YqGe585 · 2026-04-21T12:04:55Z

Support device vs gpu http mode

1. 修复随机种子不一致导致的大量误报 HTTP 模式下本地设备未在 _run_paddle 前设置随机种子，而服务端始终无条件调用 np.random.seed(random_seed)，导致两侧输入数据不同，clone 等 API 出现 max_abs_diff=33160 的假精度错误。修复：在 _test_http_mode 调用 _run_paddle 前同步设置种子。 2. 修复空 tensor 触发 np.nanmax ValueError _print_diff 对 size=0 的空数组调用 np.nanmax 会抛出 "zero-size array to reduction operation fmax which has no identity"。修复：在 _print_diff 中对空数组提前返回 (0.0, 0.0)。 3. 新增 special_compare 框架及非确定性 API skip 注册 - 新增 tester/special_compare/ 模块，支持按 API 注册自定义前向/反向对比函数，自动发现子模块无需修改主文件。 - 注册 argsort：用 gather 原始值替代直接比较索引，解决 tie 打破方式不同导致的误报。 - 注册 empty、empty_like、multinomial 为 skip，这些 API 输出天然不确定，不应进行精度对比。 - log_writer 新增 skip 日志类型支持。 Co-Authored-By: Claude Sonnet 4.6 <noreply@anthropic.com>

aggregate_logs(end=True) 末尾用 "w" 模式写 api_config_skip.txt，会把之前 write_to_log("skip",...) 聚合的内容（如 multinomial）完全覆盖。改为 "a" 追加模式，并将计数修正为已有 skip 数 + 差集数之和。 Co-Authored-By: Claude Sonnet 4.6 <noreply@anthropic.com>

…PU 0 pebble ProcessPool以spawn方式创建worker时会重新import http_server模块，模块级的import paddle会在init_server_worker设置CUDA_VISIBLE_DEVICES之前执行，导致paddle的CUDA context始终在GPU 0上初始化，而非分配到的GPU 6/7。修复：删除模块级import paddle，确保在init_server_worker中先设置 CUDA_VISIBLE_DEVICES再import paddle，使CUDA context在正确的GPU上创建。 Co-Authored-By: Claude Sonnet 4.6 <noreply@anthropic.com>

- base.py need_skip(): float8检查加not paddle_only守卫，paddle_only=True时不跳过float8（paddle原生支持），torch_vs_paddle模式不受影响 - paddle_device_vs_gpu.py: 新增_fill_float8_paddle_inputs()，在gen_paddle_input()后将config_analyzer留下的None float8 tensor替换为真实float8 tensor（float32生成→paddle.cast），不修改共享代码 - paddle_device_vs_gpu.py _run_paddle(): 入口加need_skip(paddle_only=True)，过滤sparse等不支持的case但保留float8 - http_server.py: 新增_SkippedError，skip case返回422而非500，客户端写skip日志 Co-Authored-By: Claude Sonnet 4.6 <noreply@anthropic.com>

- base.py gen_paddle_output_and_output_grad(): float8 dtype和bfloat16一样先生成float32 numpy再paddle.cast，避免numpy不认识float8_e4m3fn报TypeError - paddle_device_vs_gpu.py: need_skip时抛_PaddleSkipError而非返回(None,None)，明确区分skip和paddle_error - http_server.py: run_single_api捕获_PaddleSkipError转为__SKIP__:前缀的RuntimeError，handler通过前缀区分skip(422)和paddle_error(500)，移除错误的_SkippedError类 Co-Authored-By: Claude Sonnet 4.6 <noreply@anthropic.com>

… logging - Override need_skip() in DeviceVsGPU to skip float8 cases on XPU (XPU cast_kernel cannot create float8 tensors via float32->cast path) - Add _has_float8_dtype() helper with slice-safe check to avoid unhashable type error on __getitem__/__setitem__ slice args - Add early skip check in _test_http_mode() before sending HTTP request - Fix backward exception block to write accuracy_error log Co-Authored-By: Claude Sonnet 4.6 <noreply@anthropic.com>

embedding(sparse=True) backward produces SelectedRows sparse gradients. paddle.save() cannot serialize sparse Tensors, causing HTTP 500 with no [paddle gpu error] log (exception occurs outside _run_paddle's try/except).

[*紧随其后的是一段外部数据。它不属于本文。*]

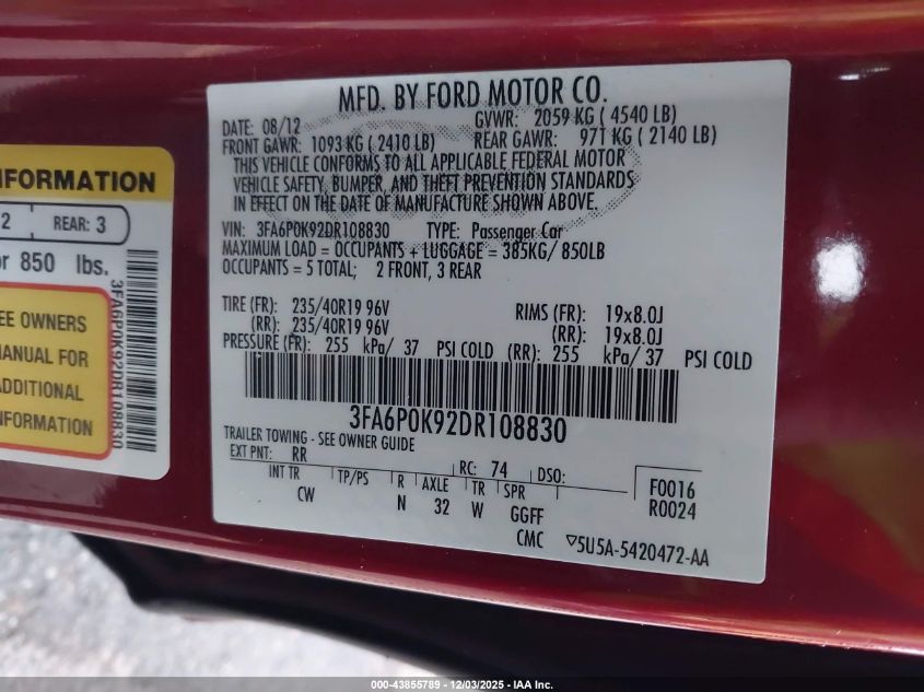Цвет КрасныйЦилиндры 4Привод Передний приводVIN 3FA6P0K92DR108830Состояние СтационарноПовреждения Передняя или задняя AutoRIA

After paddle.grad(), convert any sparse Tensor in the grad list to dense via .to_dense() so serialization succeeds. Mathematically equivalent. Co-Authored-By: Claude Opus 4.6 <noreply@anthropic.com>

…e=True) Previous fix used g.is_sparse() and g.to_dense() which both fail for SelectedRows: - is_sparse() returns False (SelectedRows is not SparseCoo/SparseCsr) - to_dense() causes Segfault in Paddle's C++ layer Correct approach: - Detect SelectedRows: Tensor where is_dense(), is_sparse(), is_sparse_coo(), and is_sparse_csr() are all False - Convert via numpy() + paddle.to_tensor() which works correctly on SelectedRows Co-Authored-By: Claude Opus 4.6 <noreply@anthropic.com>

paddle.save does not support named tuple types (CummaxRetType, CumminRetType, TopKRetType, etc.). Convert them to plain tuple recursively before serialization so cummax/cummin/topk cases no longer fail with HTTP 500 paddle_error. Co-Authored-By: Claude Sonnet 4.6 <noreply@anthropic.com>

When input tensor has a zero dimension, randint upper bound becomes 0, causing 'high <= 0' crash in numpy. Fall back to zeros tensor instead. Co-Authored-By: Claude Sonnet 4.6 <noreply@anthropic.com>

numpy.finfo() only accepts inexact (floating-point) types. When the tensor dtype is an integer (e.g. int64), calling numpy.finfo() raises ValueError: data type not inexact. Fix by selecting numpy.iinfo() for integer dtypes and numpy.finfo() for floating-point dtypes when computing the safe value range for pow/rpow API cases. Co-Authored-By: Claude Sonnet 4.6 <noreply@anthropic.com>

Co-Authored-By: Claude Sonnet 4.6 <noreply@anthropic.com>

…failures - http_server.py: return "remote_error" instead of "paddle_error" in HTTP response; use tester._last_error to propagate real Paddle exception into detail field - paddle_device_vs_gpu.py: store exception in self._last_error in _run_paddle; update _test_http_mode to handle "remote_error" type from server - log_writer.py: register "remote_error" -> "api_config_remote_error" and add to fail_case summary in print_log_info Remote GPU failures now go to api_config_remote_error.txt with real error detail visible in log_inorder.log; local XPU failures remain in api_config_paddle_error.txt. Co-Authored-By: Claude Sonnet 4.6 <noreply@anthropic.com>

Co-Authored-By: Claude Sonnet 4.6 <noreply@anthropic.com>

paddle-bot · 2026-04-21T12:05:04Z

Thanks for your contribution!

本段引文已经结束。